_Source material_.
=== Section Start ===

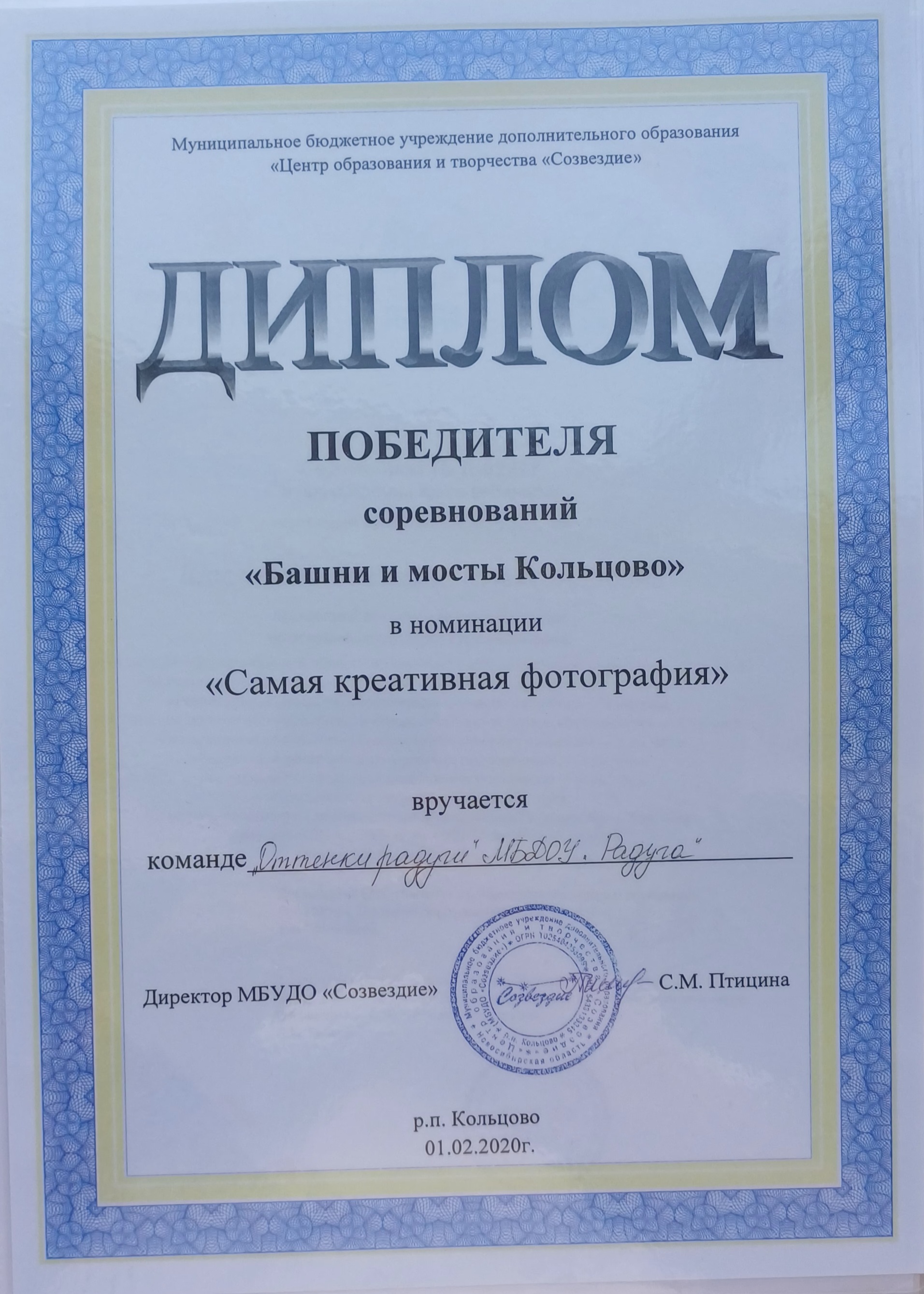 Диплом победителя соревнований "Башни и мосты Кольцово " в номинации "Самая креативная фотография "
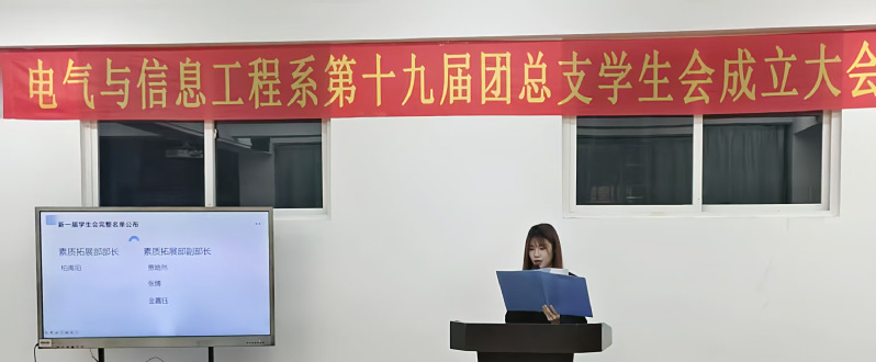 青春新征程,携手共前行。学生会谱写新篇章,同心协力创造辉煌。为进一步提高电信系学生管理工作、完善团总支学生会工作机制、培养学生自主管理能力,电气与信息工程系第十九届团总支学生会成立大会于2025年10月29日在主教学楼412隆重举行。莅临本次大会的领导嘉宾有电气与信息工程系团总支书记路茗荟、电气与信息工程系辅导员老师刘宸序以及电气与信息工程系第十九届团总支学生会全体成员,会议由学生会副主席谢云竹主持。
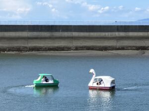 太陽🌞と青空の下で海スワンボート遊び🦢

=== Section End ===
=== Section Start ===

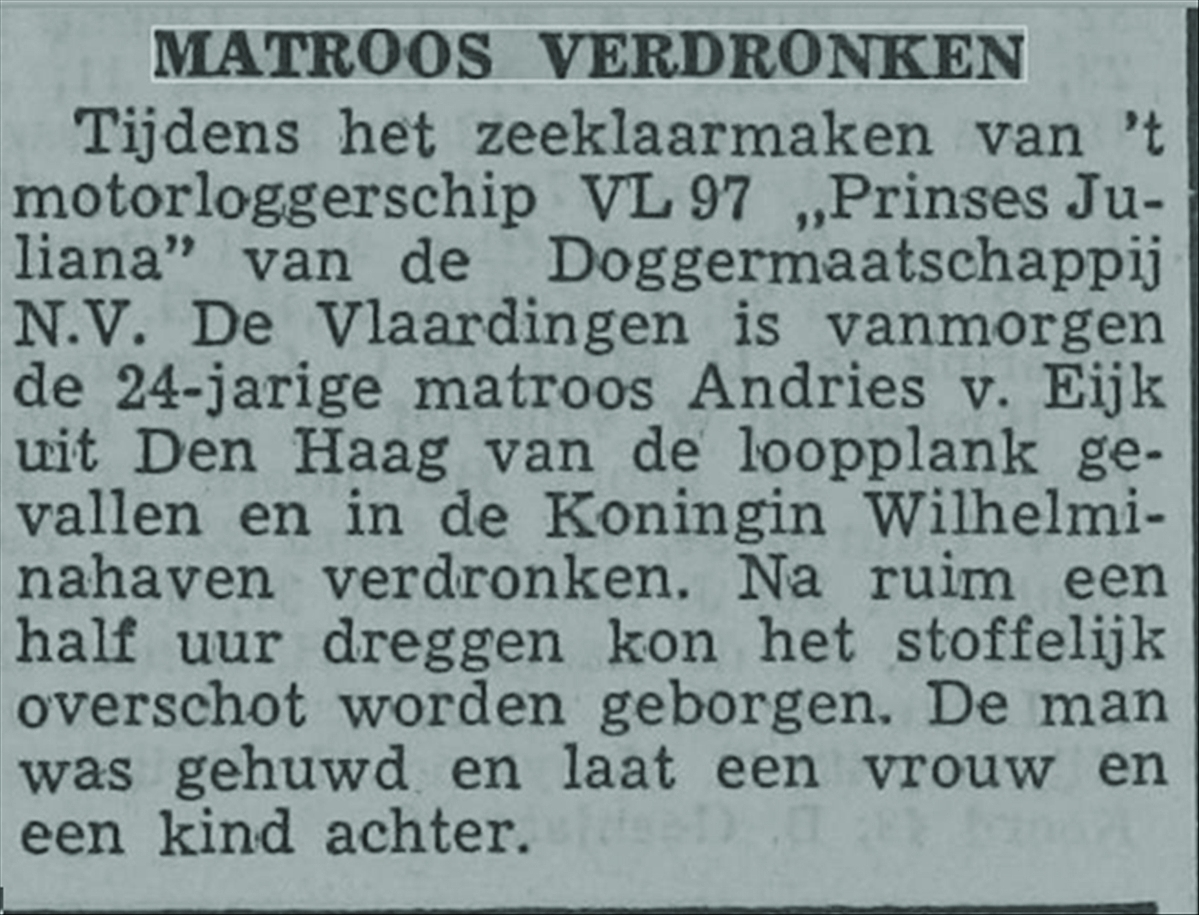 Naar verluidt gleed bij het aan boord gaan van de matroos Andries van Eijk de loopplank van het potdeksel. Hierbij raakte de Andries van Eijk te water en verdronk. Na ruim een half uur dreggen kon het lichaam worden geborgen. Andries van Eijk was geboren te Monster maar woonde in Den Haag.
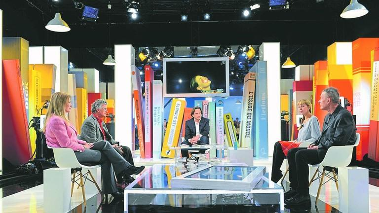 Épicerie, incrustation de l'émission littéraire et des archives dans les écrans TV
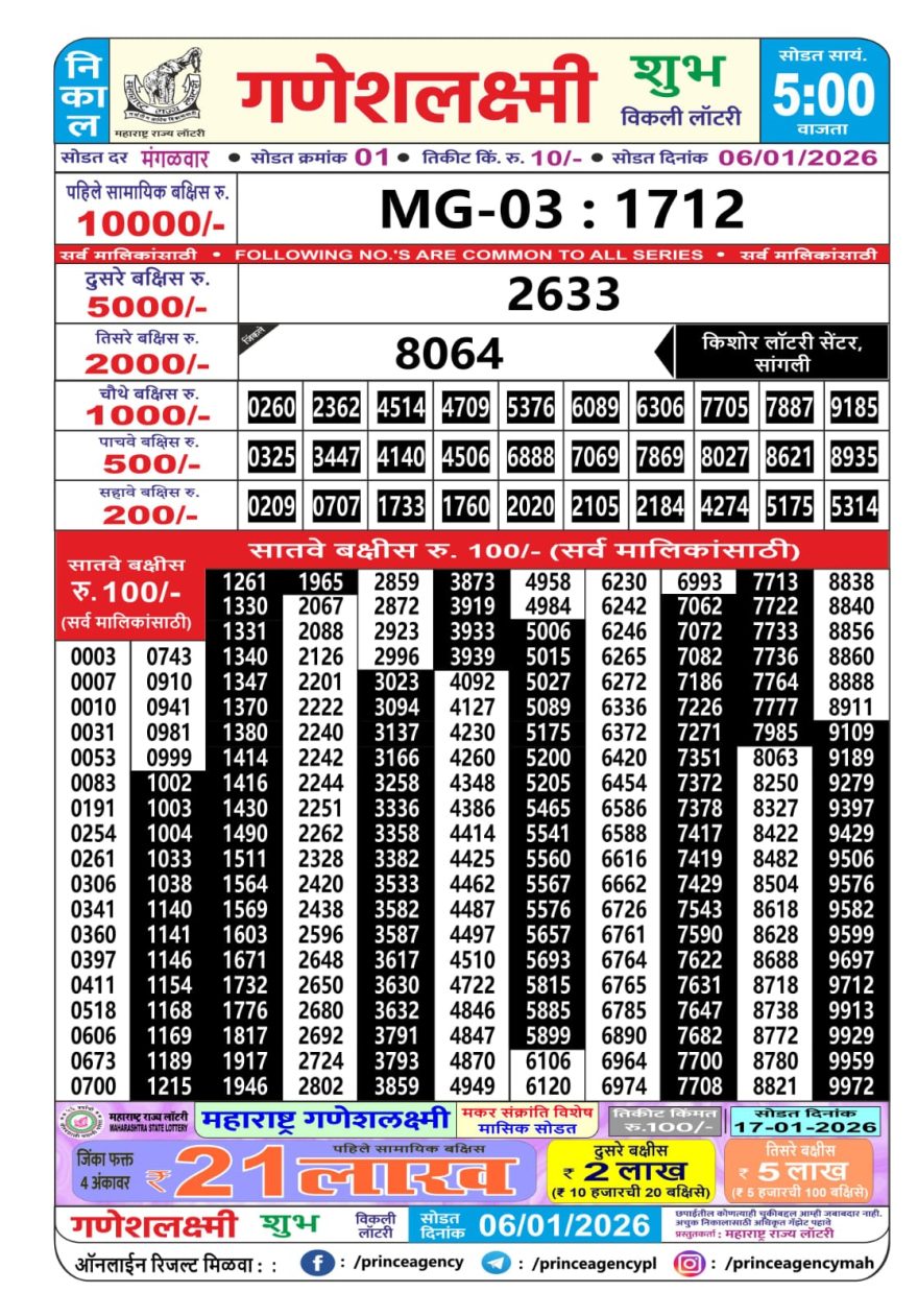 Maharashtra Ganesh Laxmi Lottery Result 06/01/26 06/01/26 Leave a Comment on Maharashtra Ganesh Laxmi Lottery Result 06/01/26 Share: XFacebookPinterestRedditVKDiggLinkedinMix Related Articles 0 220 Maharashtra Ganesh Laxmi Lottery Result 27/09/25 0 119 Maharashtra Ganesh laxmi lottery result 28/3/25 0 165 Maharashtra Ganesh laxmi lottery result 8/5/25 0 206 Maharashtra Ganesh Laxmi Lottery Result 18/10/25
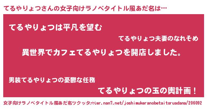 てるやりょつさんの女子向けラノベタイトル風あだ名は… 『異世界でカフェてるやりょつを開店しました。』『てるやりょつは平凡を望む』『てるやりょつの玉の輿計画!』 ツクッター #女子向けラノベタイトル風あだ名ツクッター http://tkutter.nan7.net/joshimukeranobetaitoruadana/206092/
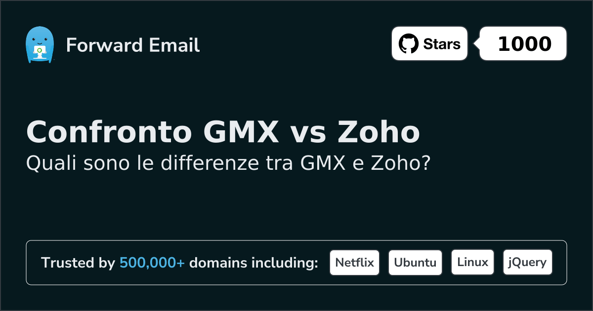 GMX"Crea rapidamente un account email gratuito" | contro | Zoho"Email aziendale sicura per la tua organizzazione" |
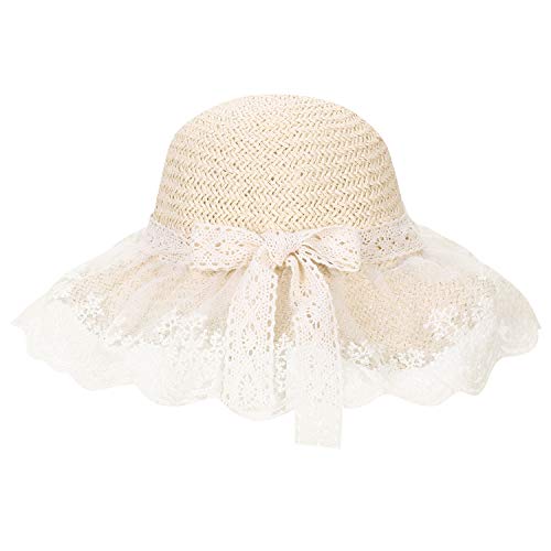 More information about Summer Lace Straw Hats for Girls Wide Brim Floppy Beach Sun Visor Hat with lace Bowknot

=== Section End ===
=== Section Start ===

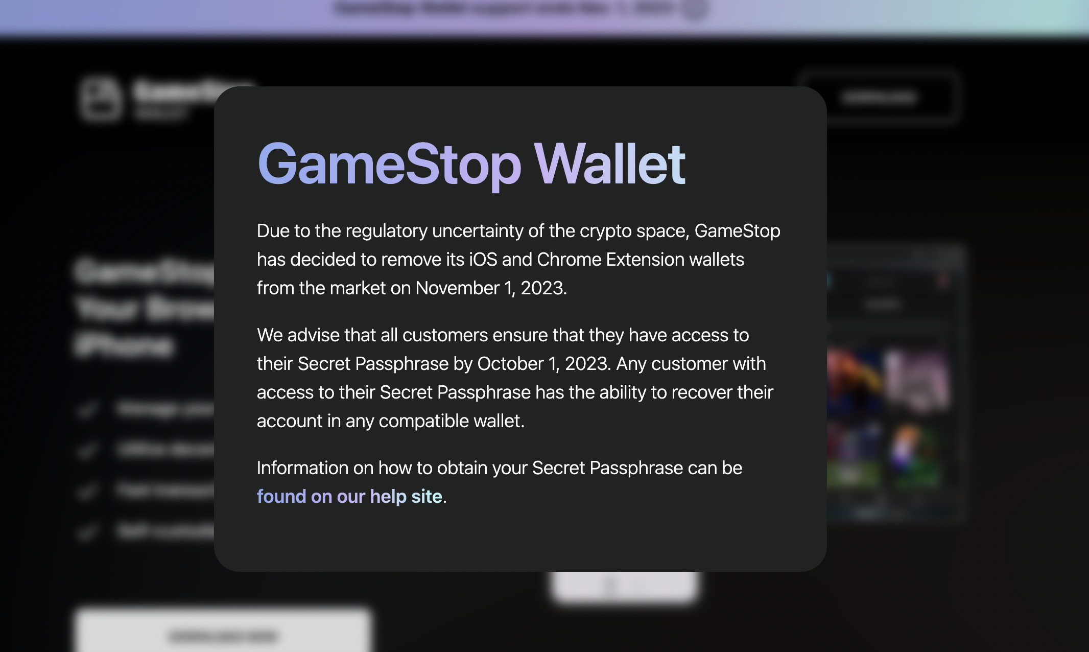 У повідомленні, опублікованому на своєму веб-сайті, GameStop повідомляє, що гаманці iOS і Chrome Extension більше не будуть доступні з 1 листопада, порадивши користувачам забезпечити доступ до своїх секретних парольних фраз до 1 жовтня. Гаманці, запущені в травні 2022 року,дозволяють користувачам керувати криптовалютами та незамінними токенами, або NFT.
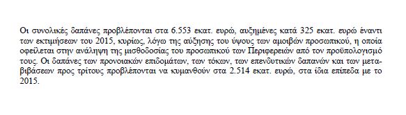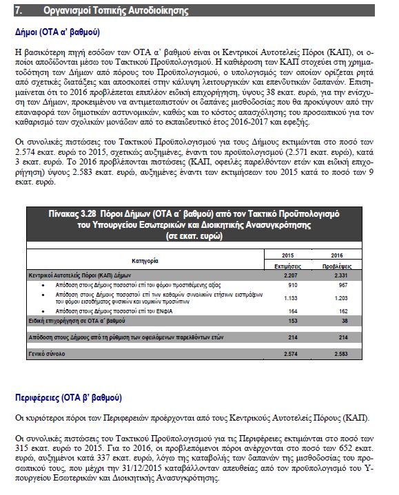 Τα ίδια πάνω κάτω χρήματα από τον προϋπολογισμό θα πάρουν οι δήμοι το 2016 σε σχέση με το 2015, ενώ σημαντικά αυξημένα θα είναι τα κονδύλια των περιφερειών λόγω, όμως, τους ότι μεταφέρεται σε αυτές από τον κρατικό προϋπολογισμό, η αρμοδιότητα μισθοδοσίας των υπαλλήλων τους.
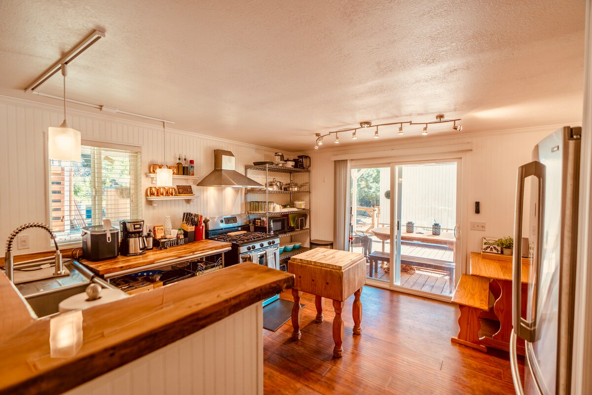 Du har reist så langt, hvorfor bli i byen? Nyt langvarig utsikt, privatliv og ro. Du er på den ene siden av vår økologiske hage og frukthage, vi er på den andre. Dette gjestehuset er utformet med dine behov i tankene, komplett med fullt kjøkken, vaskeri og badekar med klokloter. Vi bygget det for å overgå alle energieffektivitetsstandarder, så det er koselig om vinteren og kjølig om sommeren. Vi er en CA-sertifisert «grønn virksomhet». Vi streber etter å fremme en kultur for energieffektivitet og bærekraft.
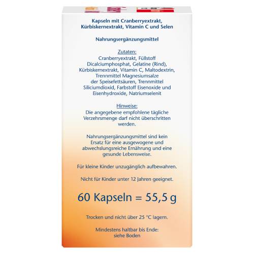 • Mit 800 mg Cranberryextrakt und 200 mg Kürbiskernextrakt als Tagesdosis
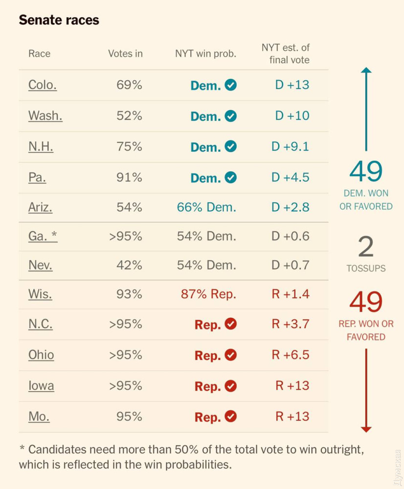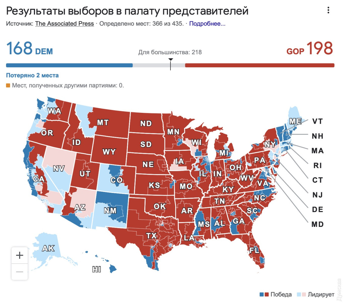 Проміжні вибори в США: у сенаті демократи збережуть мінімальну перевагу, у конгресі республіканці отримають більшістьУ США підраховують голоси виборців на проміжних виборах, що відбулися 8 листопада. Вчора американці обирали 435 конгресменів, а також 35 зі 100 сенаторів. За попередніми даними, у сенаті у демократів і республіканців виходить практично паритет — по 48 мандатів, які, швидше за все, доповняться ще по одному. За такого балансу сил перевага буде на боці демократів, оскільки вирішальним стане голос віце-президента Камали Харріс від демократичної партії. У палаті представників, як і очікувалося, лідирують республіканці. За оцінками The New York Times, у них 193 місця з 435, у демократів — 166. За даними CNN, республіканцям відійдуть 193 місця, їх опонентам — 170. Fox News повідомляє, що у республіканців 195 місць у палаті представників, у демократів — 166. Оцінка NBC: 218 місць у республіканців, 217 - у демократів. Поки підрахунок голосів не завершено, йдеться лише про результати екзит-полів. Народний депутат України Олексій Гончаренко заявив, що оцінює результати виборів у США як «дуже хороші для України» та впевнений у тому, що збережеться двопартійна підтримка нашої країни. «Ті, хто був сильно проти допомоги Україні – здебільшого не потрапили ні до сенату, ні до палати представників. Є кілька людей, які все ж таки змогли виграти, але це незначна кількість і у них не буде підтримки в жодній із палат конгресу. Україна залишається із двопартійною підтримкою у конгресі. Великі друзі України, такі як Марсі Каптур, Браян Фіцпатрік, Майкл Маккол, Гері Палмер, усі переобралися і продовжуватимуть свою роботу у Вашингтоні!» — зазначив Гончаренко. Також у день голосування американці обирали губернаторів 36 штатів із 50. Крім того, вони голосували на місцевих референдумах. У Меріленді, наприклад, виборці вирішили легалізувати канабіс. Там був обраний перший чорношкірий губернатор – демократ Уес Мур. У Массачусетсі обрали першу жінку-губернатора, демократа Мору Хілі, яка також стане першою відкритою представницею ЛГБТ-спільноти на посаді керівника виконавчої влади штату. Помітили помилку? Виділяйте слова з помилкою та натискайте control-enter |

=== Section End ===

_Task item_. Lines from the one above containing "У повідомленні, опублікованому" down to the one containing "Kürbiskernextrakt als Tagesdosis" should be transcribed exactly, with both ends kept and no pictures.

_Answer for the task_.
 У повідомленні, опублікованому на своєму веб-сайті, GameStop повідомляє, що гаманці iOS і Chrome Extension більше не будуть доступні з 1 листопада, порадивши користувачам забезпечити доступ до своїх секретних парольних фраз до 1 жовтня. Гаманці, запущені в травні 2022 року,дозволяють користувачам керувати криптовалютами та незамінними токенами, або NFT.
 Τα ίδια πάνω κάτω χρήματα από τον προϋπολογισμό θα πάρουν οι δήμοι το 2016 σε σχέση με το 2015, ενώ σημαντικά αυξημένα θα είναι τα κονδύλια των περιφερειών λόγω, όμως, τους ότι μεταφέρεται σε αυτές από τον κρατικό προϋπολογισμό, η αρμοδιότητα μισθοδοσίας των υπαλλήλων τους.
 Du har reist så langt, hvorfor bli i byen? Nyt langvarig utsikt, privatliv og ro. Du er på den ene siden av vår økologiske hage og frukthage, vi er på den andre. Dette gjestehuset er utformet med dine behov i tankene, komplett med fullt kjøkken, vaskeri og badekar med klokloter. Vi bygget det for å overgå alle energieffektivitetsstandarder, så det er koselig om vinteren og kjølig om sommeren. Vi er en CA-sertifisert «grønn virksomhet». Vi streber etter å fremme en kultur for energieffektivitet og bærekraft.
 • Mit 800 mg Cranberryextrakt und 200 mg Kürbiskernextrakt als Tagesdosis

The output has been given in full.